I was tasked a while back with modifying the IP addresses assigned to the InfiniBand network on an X6-2 rack. We were configuring a ZFS appliance to share between 2 Exadata clusters, and we wanted to keep them on separate network ranges. In this case, we were moving the interfaces from 192.168.10.x/22 (the Exadata default network range) to 192.168.14.x/22. The process is documented very well by Oracle in the Exadata Maintenance Guide, but after going through the procedure, I hit an issue. I could start CRS on one node, but any additional nodes would fail to start after a 10 minute timeout:
[root@db02 ~]# crsctl start crs -wait
CRS-4123: Starting Oracle High Availability Services-managed resources
CRS-2672: Attempting to start 'ora.mdnsd' on 'db02'
CRS-2672: Attempting to start 'ora.evmd' on 'db02'
CRS-2676: Start of 'ora.mdnsd' on 'db02' succeeded
CRS-2676: Start of 'ora.evmd' on 'db02' succeeded
CRS-2672: Attempting to start 'ora.gpnpd' on 'db02'
CRS-2676: Start of 'ora.gpnpd' on 'db02' succeeded
CRS-2672: Attempting to start 'ora.gipcd' on 'db02'
CRS-2676: Start of 'ora.gipcd' on 'db02' succeeded
CRS-2672: Attempting to start 'ora.drivers.acfs' on 'db02'
CRS-2676: Start of 'ora.drivers.acfs' on 'db02' succeeded
CRS-2672: Attempting to start 'ora.cssdmonitor' on 'db02'
CRS-2676: Start of 'ora.cssdmonitor' on 'db02' succeeded
CRS-2672: Attempting to start 'ora.cssd' on 'db02'
CRS-2672: Attempting to start 'ora.diskmon' on 'db02'
CRS-2676: Start of 'ora.diskmon' on 'db02' succeeded
CRS-2676: Start of 'ora.cssd' on 'db02' succeeded
CRS-2672: Attempting to start 'ora.cluster_interconnect.haip' on 'db02'
CRS-2672: Attempting to start 'ora.ctssd' on 'db02'
CRS-5021: Check of storage failed: details at "(:CLSN00117:)" in "/u01/app/oracle/diag/crs/db02/crs/trace/ohasd_orarootagent_root.trc"
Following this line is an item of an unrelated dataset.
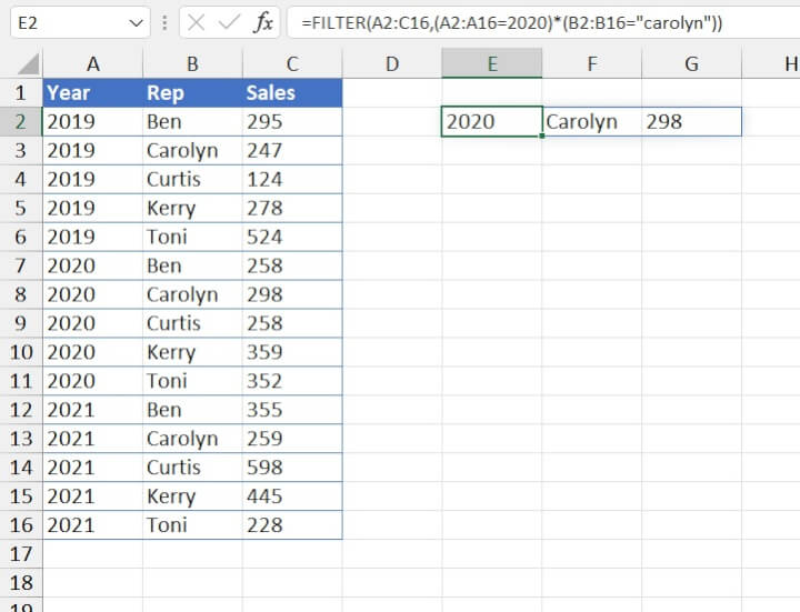 =FILTER(B2:C16,(A2:A16=2020)*(B2:B16="carolyn"))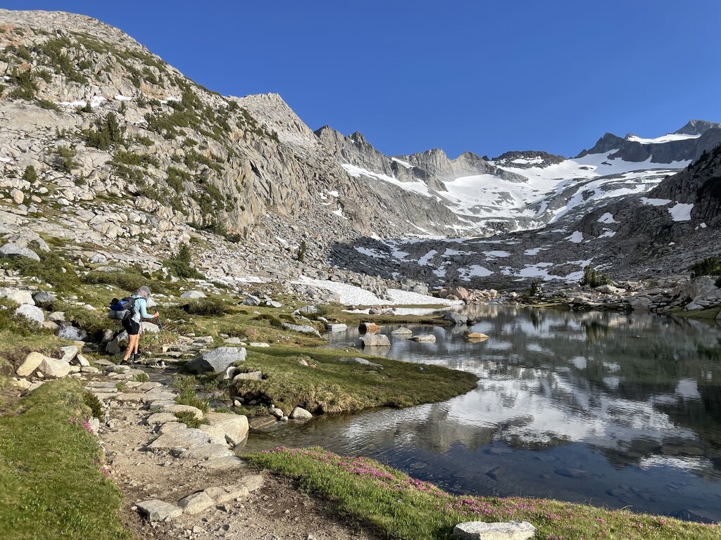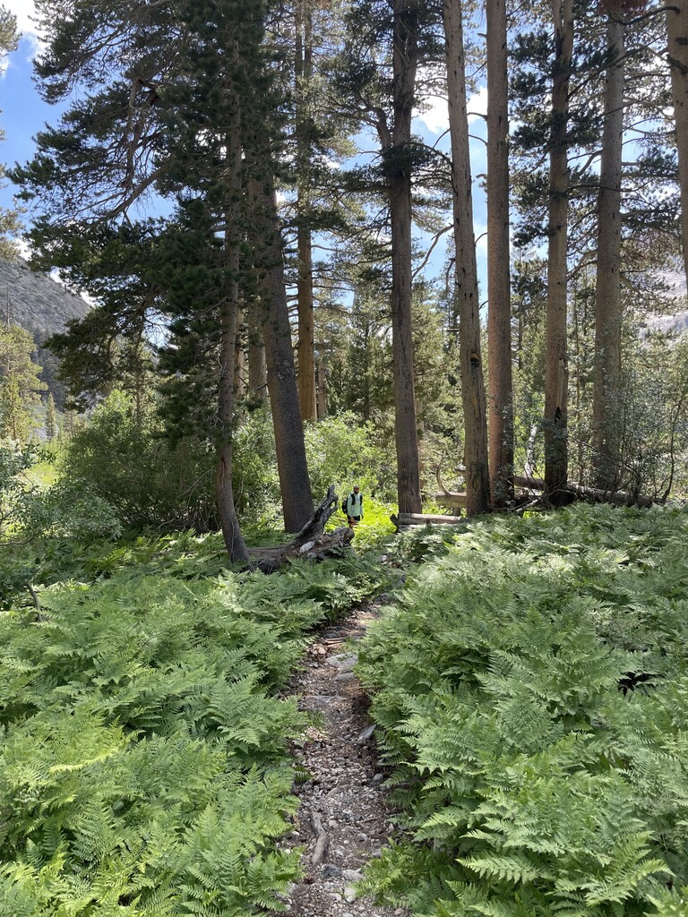 Another really beautiful day that took us near Purple Lake and Lake Virginia. Nuumu Hu Hupi Lake was also a beautiful lake that was somewhat hidden near the top of the pass. We made it over Silver Pass which had some snow towards the top but very manageable to get through. Then we descended from Silver Pass into the valley past Quail Meadows and past the sign for the Lake Thomas Edison Ferry.

CRS-2676: Start of 'ora.ctssd' on 'db02' succeeded
CRS-2676: Start of 'ora.cluster_interconnect.haip' on 'db02' succeeded
CRS-2672: Attempting to start 'ora.asm' on 'db02'
CRS-2676: Start of 'ora.asm' on 'db02' succeeded
CRS-2672: Attempting to start 'ora.storage' on 'db02'
ORA-27300: OS system dependent operation:sslssunreghdlr failed with status: 0
ORA-27301: OS failure message: Error 0
ORA-27302: failure occurred at: sskgpreset1CRS-2883: Resource 'ora.storage' failed during Clusterware stack start.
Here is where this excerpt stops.